Tingkat Adab Digital Masyarakat Indonesia pada 2021 Terburuk di Asia Tenggara

Tingkat keadaban digital masyarakat Indonesia dinilai terburuk di Asia Tenggara.

Youtube
Media Sosial
Rep: Fauziah Mursid Red: Agung Sasongko

REPUBLIKA.CO.ID,  JAKARTA -- Tingkat keadaban digital masyarakat Indonesia dinilai terburuk di Asia Tenggara. Hal tersebut adalah hasil survei yang dilakukan Microsoft bertajuk Digital Civility Index (DCI) pada tahun 2021.

Baca Juga

Deputi Bidang Revolusi Mental, Pemajuan Budaya, dan Prestasi Olahraga Kementerian Koordinator Bidang PMK Didik Suhardi dalam rapat penguatan diseminasi media Gerakan Nasional Revolusi Mental (GNRM) mengatakan 47 persen media digital digunakan untuk hoaks dan penipuan, 27 persen untuk ujaran kebencian, dan 13 persen untuk diskriminasi.

"Sangat memprihatinkan. Data menyebut 47 persen media digital digunakan untuk hoax dan penipuan, 27 persen untuk ujaran kebencian, dan 13 persen digunakan untuk diskriminasi," kata Didik dikutip dari keterangan resmi, Selasa (5/7/2022).

Karena itu, Kemenko PMK mendorong penguatan nilai-nilai revolusi mental melalui media sosial (medsos).
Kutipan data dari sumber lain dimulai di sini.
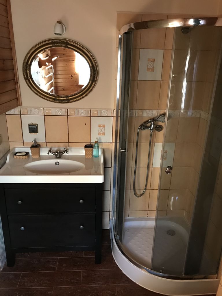 - przytulna łazienka z podgrzewaną podłogą, umywalką, kabiną prysznicową i WC.

Dalam rapat penguatan diseminasi media bersama inisiator aplikasi media sosial Symbolic.id Sabrang Mowo Damar Panuluh penting untuk memperbaiki adab masyarakat digital.

"Untuk itu, hari ini kita akan berbincang dengan Mas Sabrang untuk mencari peluang memanfaatkan sebuah platform sebagai cara untuk meningkatkan nilai keberadaban media kita," kata Didik.

 

 

Didik mengatakan, tidak dapat dipungkiri, saat ini media sosial didesain kebanyakan untuk mencari profit, bukan tertuju pada penggalian nilai-nilai (values). Menurutnya, dunia informasi bergerak dengan cepat dan media sosial menjadikan komunikasi sebagai wadah yang sangat luas.
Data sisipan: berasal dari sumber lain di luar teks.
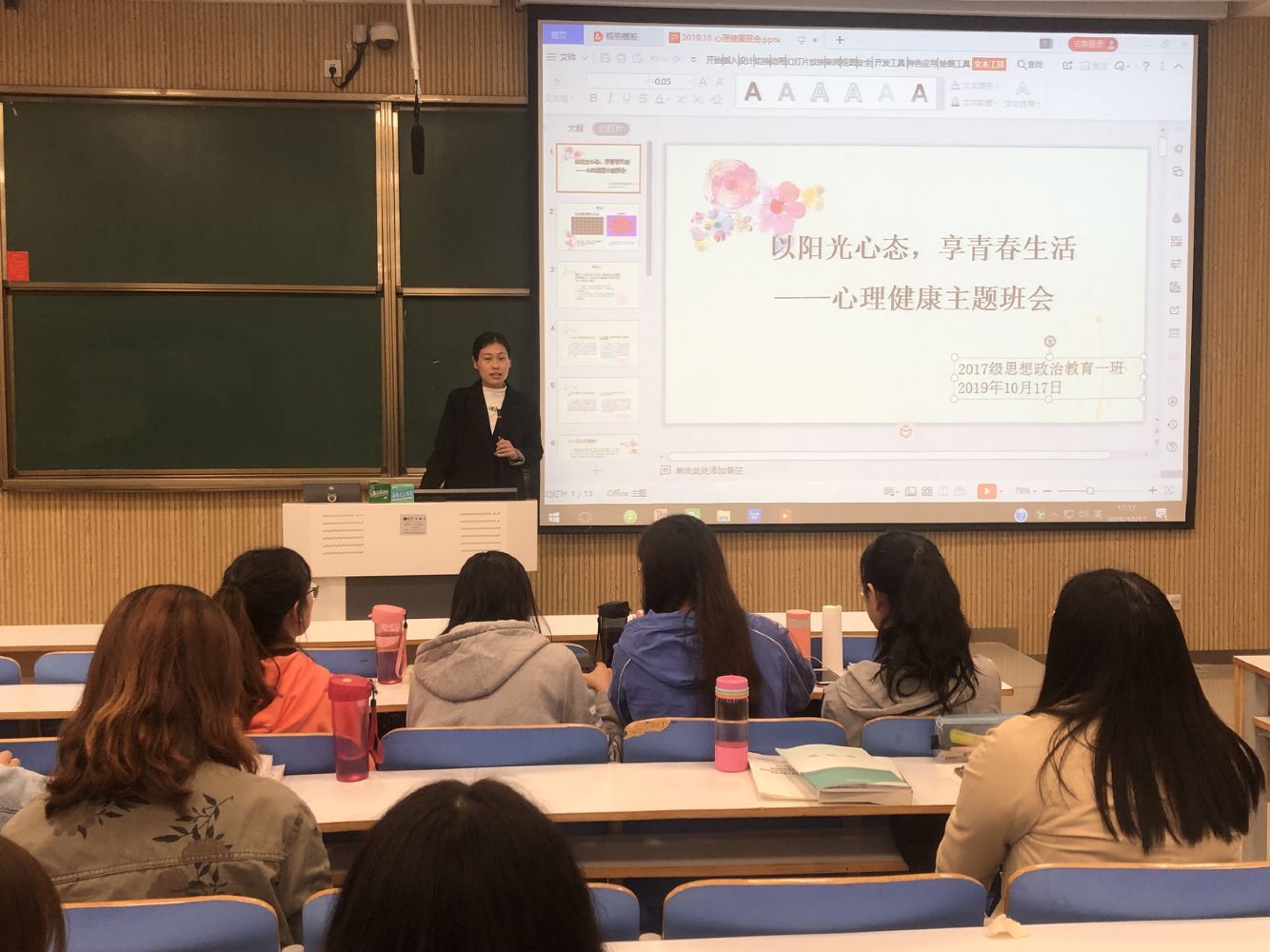 为提高员工心理调节能力,培养良好心理品质,10月17日下午,2017级思想政治教育一班在社科楼515教室召开了“以阳光心态,享青春生活”心理健康主题班会。班会由心理委员贾宁宁主持,辅导员曹菁菁及全体同学共同参与。

"Untuk itu perlu social engineering yang tepat yang dibangun dengan panduan value local wisdom masyarakat kita. Kita punya gotong-royong dan sangat in line dengan falsafah Islam fastabiqul khairat," katanya.

Dia memastikan kehadiran pemerintah dan akan melibatkan institusi sosial seperti universitas, ormas, dan sebagainya. Sebab, diperlukan kolaborasi gotong royong dana dari para pelaku usaha melalui CSR, sponsorship, beasiswa, dan kalangan filantropi. 
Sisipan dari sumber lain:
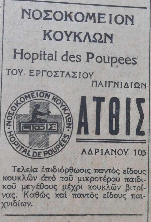 «Νοσοκομείο για Κούκλες. Πηγή: Ακρόπολις, 3.11.1932. Βιβλιοθήκη ΕΛΙΑ/ΜΙΕΤ.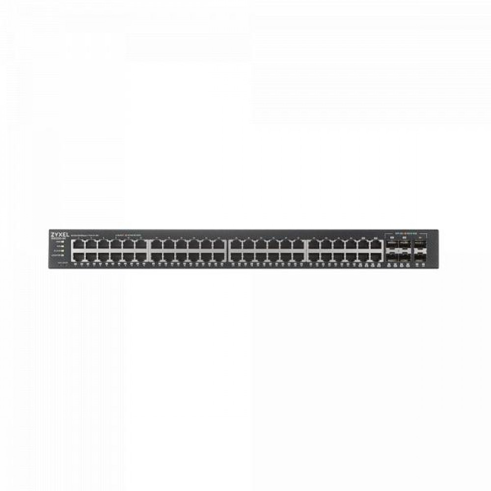 Zyxel GS2220-50 - гигабитный управляемый 48-портовый коммутатор второго уровня (44 x RJ45 + 4 x Combo RJ45/SFP + 2 x SFP) для конвергентных сетей с передачей данных, видео и голоса. Поддерживает три варианта управления: облачное управление Nebula (подписка Nebula Professional Pack на 1 год в комплекте), автономный режим работы и SNMP.

"Diperlukan peran negara untuk menguatkan kembali nilai gotong-royong dengan  pengembangan investasi sosial yakni tenaga, dana, dan ilmu," kata dia.

Didik menambahkan, penguatan gotong-royong dalam struktur di media sosial juga akan menghasilkan mental model. Khususnya, adanya tanggung jawab komunal tentang pentingnya kerukunan, kebersamaan yang hadir dari pola-pola sosial-budaya.

 

 

Sebab, harus diakui, struktur sosial dalam media sosial ditemui dengan hadirnya distribusi kepercayaan dari jumlah follower, like, dan dominasi nilai popularitas. "Oleh karenanya terbangun mental model perlombaan popularitas, eksitensi lebih penting daripada fungsi," ujar dia 

Dia mengatakan, adanya ruang sosial tidak hanya untuk berdialog, tetapi juga untuk belajar. Karenanya, penting untuk mengimplementasi nilai gotong royong di sosial media melalui penggunaan investasi keilmuan, pendampingan yang membangun impact terhadap masyarakat.

"Dan akhirnya terbangun mental model untuk berlomba berbagi manfaat dan dampak," ujarnya.

Didik Suhardi menambahkan, Kemenko PMK juga akan membahas lebih jauh Sinergi dengan BPIP, Kemendikbud Ristek, dan Kominfo tindaklanjut hasil rapat hari ini. Dia berharap kolaborasi ini nantinya bisa membangun konsep gotong-royong dalam rangka meningkatkan indeks keadaban digital pada masyarakat. 

 

“Semoga menghindarkan mentalitas-mentalitas negatif masyarakat dalam berperilaku di media sosial. Penguatan nilai-nilai revolusi mental seperti etos kerja, gotong royong, integritas melalui media sangat penting, terlebih dengan potensi bonus demografi di masa mendatang. Harapannya kita terhindar dari disaster demography," kata Didik.